----- DATA TO PROCESS
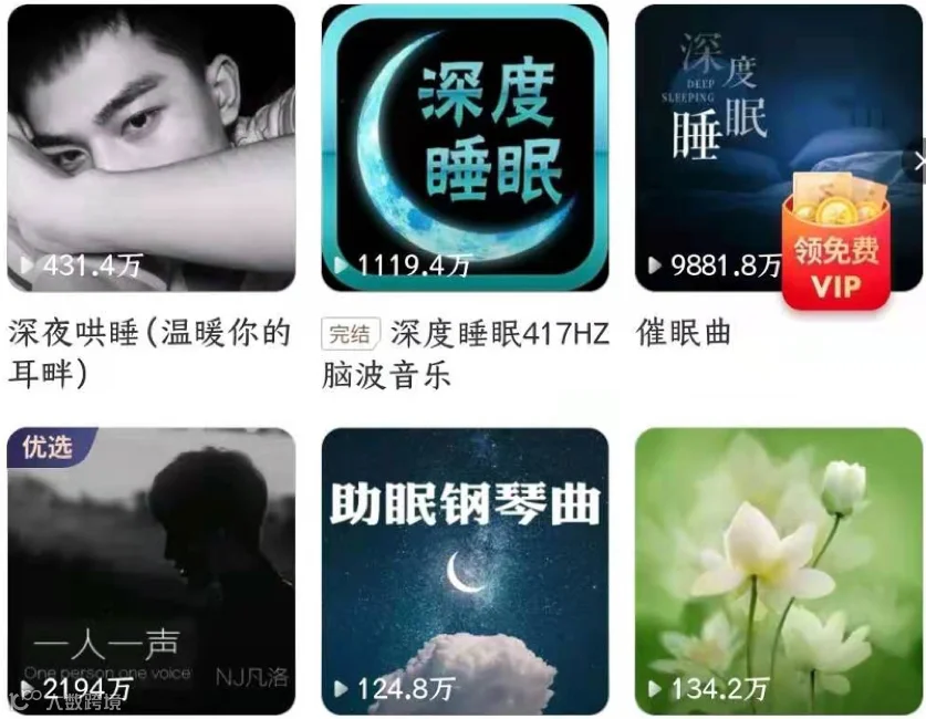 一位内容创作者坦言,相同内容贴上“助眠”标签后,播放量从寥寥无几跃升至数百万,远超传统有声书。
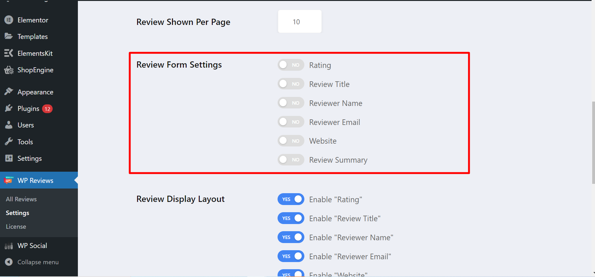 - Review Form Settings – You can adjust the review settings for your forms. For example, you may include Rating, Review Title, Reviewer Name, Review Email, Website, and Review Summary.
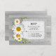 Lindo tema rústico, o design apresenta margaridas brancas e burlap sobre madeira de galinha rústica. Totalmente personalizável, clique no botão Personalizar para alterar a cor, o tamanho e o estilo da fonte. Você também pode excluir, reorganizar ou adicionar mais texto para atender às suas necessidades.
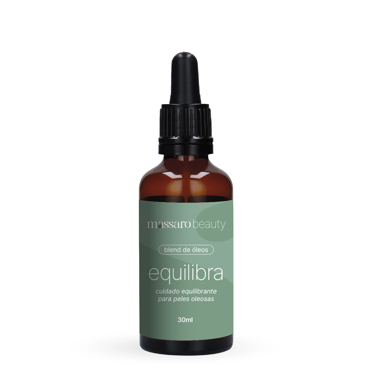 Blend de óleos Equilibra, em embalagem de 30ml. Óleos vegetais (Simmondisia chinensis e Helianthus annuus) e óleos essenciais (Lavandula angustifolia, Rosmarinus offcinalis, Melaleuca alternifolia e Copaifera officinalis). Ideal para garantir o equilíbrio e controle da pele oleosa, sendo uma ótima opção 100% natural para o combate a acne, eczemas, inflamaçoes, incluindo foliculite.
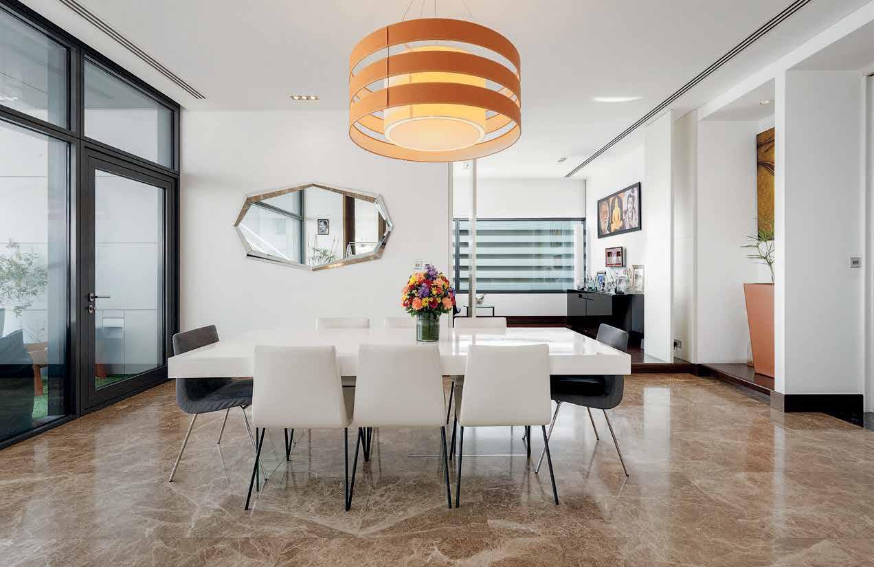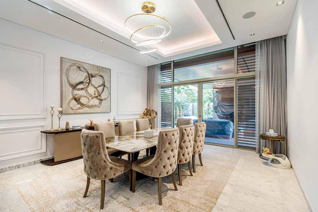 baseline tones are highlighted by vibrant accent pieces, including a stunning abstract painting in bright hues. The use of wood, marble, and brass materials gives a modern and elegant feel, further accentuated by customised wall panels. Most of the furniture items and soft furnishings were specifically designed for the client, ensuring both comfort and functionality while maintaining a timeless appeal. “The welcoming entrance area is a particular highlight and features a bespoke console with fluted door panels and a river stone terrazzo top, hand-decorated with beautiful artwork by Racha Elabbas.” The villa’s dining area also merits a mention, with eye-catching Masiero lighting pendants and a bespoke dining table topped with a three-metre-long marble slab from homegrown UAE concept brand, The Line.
----------
WHAT TO WORK ON →
Quote the entries in full. Any image among them is to be omitted from the copy.

SOLUTION TO THE PROBLEM →
 一位内容创作者坦言,相同内容贴上“助眠”标签后,播放量从寥寥无几跃升至数百万,远超传统有声书。
 - Review Form Settings – You can adjust the review settings for your forms. For example, you may include Rating, Review Title, Reviewer Name, Review Email, Website, and Review Summary.
 Lindo tema rústico, o design apresenta margaridas brancas e burlap sobre madeira de galinha rústica. Totalmente personalizável, clique no botão Personalizar para alterar a cor, o tamanho e o estilo da fonte. Você também pode excluir, reorganizar ou adicionar mais texto para atender às suas necessidades.
 Blend de óleos Equilibra, em embalagem de 30ml. Óleos vegetais (Simmondisia chinensis e Helianthus annuus) e óleos essenciais (Lavandula angustifolia, Rosmarinus offcinalis, Melaleuca alternifolia e Copaifera officinalis). Ideal para garantir o equilíbrio e controle da pele oleosa, sendo uma ótima opção 100% natural para o combate a acne, eczemas, inflamaçoes, incluindo foliculite.
 baseline tones are highlighted by vibrant accent pieces, including a stunning abstract painting in bright hues. The use of wood, marble, and brass materials gives a modern and elegant feel, further accentuated by customised wall panels. Most of the furniture items and soft furnishings were specifically designed for the client, ensuring both comfort and functionality while maintaining a timeless appeal. “The welcoming entrance area is a particular highlight and features a bespoke console with fluted door panels and a river stone terrazzo top, hand-decorated with beautiful artwork by Racha Elabbas.” The villa’s dining area also merits a mention, with eye-catching Masiero lighting pendants and a bespoke dining table topped with a three-metre-long marble slab from homegrown UAE concept brand, The Line.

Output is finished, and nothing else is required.